For the current composition of the Chamber of Deputies of the Czech Republic, see List of MPs elected in the 2017 Czech legislative election.

Composition of the Senate of the Czech Republic
| Party |  | Seats |  |  |  |
| 2016 | 2018 | 2020 | TOTAL |
|  | Mayors and Independents | 3 | 5 | 11 | 19 / 81 |
|  | Civic Democratic Party | 3 | 10 | 5 | 18 / 81 |
|  | Christian and Democratic Union – Czechoslovak People's Party | 7 | 2 | 3 | 12 / 81 |
|  | ANO 2011 | 3 | 1 | 1 | 5 / 81 |
|  | TOP 09 | 2 | 1 | 2 | 5 / 81 |
|  | Czech Social Democratic Party | 2 | 1 | — | 3 / 81 |
|  | Senator 21 | — | 1 | 2 | 3 / 81 |
|  | Czech Pirate Party | — | 1 | 1 | 2 / 81 |
|  | Green Party | 1 | — | — | 1 / 81 |
|  | Svobodní | — | — | 1 | 1 / 81 |
|  | Severočeši.cz | 1 | — | — | 1 / 81 |
|  | Ostravak Movement | — | 1 | — | 1 / 81 |
|  | Hradec Králové Democratic Club | — | — | 1 | 1 / 81 |
|  | Movement for Prague 11 | 1 | — | — | 1 / 81 |
|  | Marek Hilšer for Senate | — | 1 | — | 1 / 81 |
|  | United Democrats — Association of Independents | 1 | — | — | 1 / 81 |
|  | Citizens Together — Independents | 1 | — | — | 1 / 81 |
|  | Citizens Patriots | 1 | — | — | 1 / 81 |
|  | Independents | 1 | 3 | — | 4 / 81 |
| Total |  | 27 | 27 | 27 | 81 |
↑ Includes the 2017 re-run in constituency 4; Sources: Senate, cs:Volby do Senátu Parlamentu České republiky 2016, cs:Volby do Senátu Parlamentu České republiky 2018 Volby.cz, cs:Volby do Senátu Parlamentu České republiky 2020, Constituencies in which the election was held: 2016: 1, 4, 7, 10, 13, 16, 19, 22, 25, 28, 31, 34, 37, 40, 43, 46, 49, 52, 55, 58, 61, 64, 67, 70, 73, 76, 79; 2018: 2, 5, 8, 11, 14, 17, 20, 23, 26, 29, 32, 35, 38, 41, 44, 47, 50, 53, 56, 59, 62, 65, 68, 71, 74, 77, 80; 2020: 3, 6, 9, 12, 15, 18, 21, 24, 27, 30, 33, 36, 39, 42, 45, 48, 51, 54, 57, 60, 63, 66, 69, 72, 75, 78, 81;

== Recent political developments ==

From 1991, the Czech Republic, originally as part of Czechoslovakia and since 1993 in its own right, has been a member of the Visegrád Group and from 1995, the OECD. The Czech Republic joined NATO on 12 March 1999 and the European Union on 1 May 2004. On 21 December 2007 the Czech Republic joined the Schengen Area.

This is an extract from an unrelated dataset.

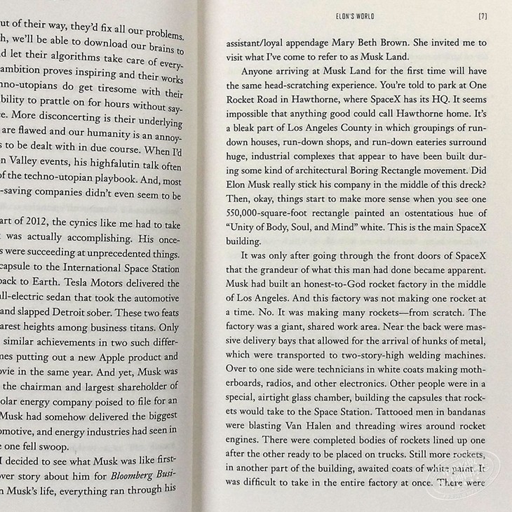 阿什莉·万斯是当今科技领域的作家之一。在为《纽约时报》(New York Times)撰写了数年硅谷和科技报道后,万斯去了《彭博商业周刊》(Bloomberg Businessweek)。他为《彭博商业周刊》撰写了数十篇封面和专题报道,内容涉及网络间谍、DNA测序和太空探索等。
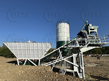 Данный завод производительность от 40 до 55 м3/час товарного бетона марки м200 или раствора. Объём загрузки бетоносмесителя 1200 литров, объем выгрузки готового бетона 800 литров. Один цикл не более 55 секунд. Время работы цикла регулируется оператором бетонного завода.

Until 2017, either the Czech Social Democratic Party or the Civic Democratic Party had led the governments of the Czech Republic. In October 2017, the right-wing populist movement ANO 2011, led by the country's second-richest man, Andrej Babiš, who won the election with three times the vote of his closest rival, the centre-right Civic Democrats. In December 2017, Czech President Miloš Zeman appointed Andrej Babiš as the new prime minister.

On 28 November 2021, Czech President Miloš Zeman appointed opposition leader Petr Fiala as the country's new prime minister. The centre-right coalition Spolu (meaning Together) won tightly contested legislative elections in October 2021 against Prime Minister Andrej Babiš and his ANO party. In January 2023, Former NATO general Petr Pavel won the election runoff over Andrej Babiš to succeed Miloš Zeman as the fourth president of the Czech Republic. In December 2025, Babis returned as the Czech Republic's new prime minister, following the ANO party's win in the October parliamentary election.